Giovedì sera, dopo una lunga giornata, Zhenya sedeva sulla veranda, triste. Zoya si sedette accanto a lei.

«Perché sei così arrabbiata?»

«Non devo dirtelo.»

Ma uno sguardo gentile bastò a farla scoppiare in lacrime. Zoya la abbracciò.

«Capisco il tuo dolore. Pensa che fra qualche anno potresti avere una nuova vita, lontana, con nuovi amici. Tuo padre resterebbe solo. Le persone hanno bisogno di amare e essere amate. Tuo padre ama mia figlia, e ci sono molte cose da imparare da lei. Non può sostituire tua madre, ma può diventare un’amica.»

Quelle parole sciolsero il cuore di Zhenya. Il giorno dopo la mietitura e il giardinaggio passarono veloci; Zoya non le sembrava più una strega.

«Ti ho preparato pancake con crema di lamponi e panna acida fatta in casa.»

«Hai una mucca? Una vera?» chiese Zhenya sorpresa.

«Vicino c’è una fattoria. Se vuoi, andiamo a vedere i cavalli.»

«Ne avevano uno, una cavalla…» sorrise Zoya e Zhenya si illuminò di gioia.

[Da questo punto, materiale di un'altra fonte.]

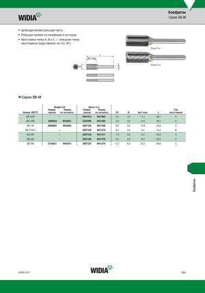 Борфрезы Серия SB-M • Цилиндрическая режущая часть. • Режущие кромки на периферии и на торце. • Хвостовики типов A, B и C — описание типов хвостовиков представлено на стр. 261. Single Cut Master Cut nnСерия SB-M Single Cut Master Cut Номер Номер Номер Номер Тип Номер USCTI заказа по каталогу заказа по каталогу D1 D Ap1 max L хвостовика SB-42M – 2991812 M41262 2,4 3,0 11,1 38,1 A SB-43M 3009453 M40263 2220466 M41263 3,0 3,0 14,3 38,1 A SB-1M 2986664 M40268 2987342 M41268 6,0 6,0 15,9 50,8 C SB-51M-2 – 2987340 M41270 6,4 3,0 6,4 44,5 B SB-2M – 2987339 M41271 7,9 6,0 19,1 63,5 C SB-3M – 2987338 M41272 9,5 6,0 19,1 63,5 C SB-5M 2736421 M40274 2987337 M41274 12,7 6,0 25,4 69,9 C widia.com 263 Борфрезы

Quando Sergey e Katya tornarono, le trovarono insieme a ridere con un gelato in mano.

«Non voglio più andare via,» disse piano Zhenya. «Ho imparato a cavalcare!»

«Resta, i lavori non sono finiti,» decise Sergey, sorpreso.

«Resta, dobbiamo ancora raccogliere le carote,» aggiunse Katya strizzando l’occhio.

Passarono tre settimane felici. Zhenya fece nuove amicizie e imparò a cavalcare. Quando la ristrutturazione terminò e fu chiamata, tornò in città con un sorriso.

Entrata nella sua nuova stanza, vide un libro di Cenerentola sul comodino, regalo di Katya.

«Grazie!» disse timidamente, abbracciando prima Katya, poi Sergey.

«Le mie ragazze preferite! Andrà tutto bene!»

Zhenya sorrise: a volte le figlie acquisite devono fare fatica… ma anche le matrigne possono sorprendere con la loro gentilezza.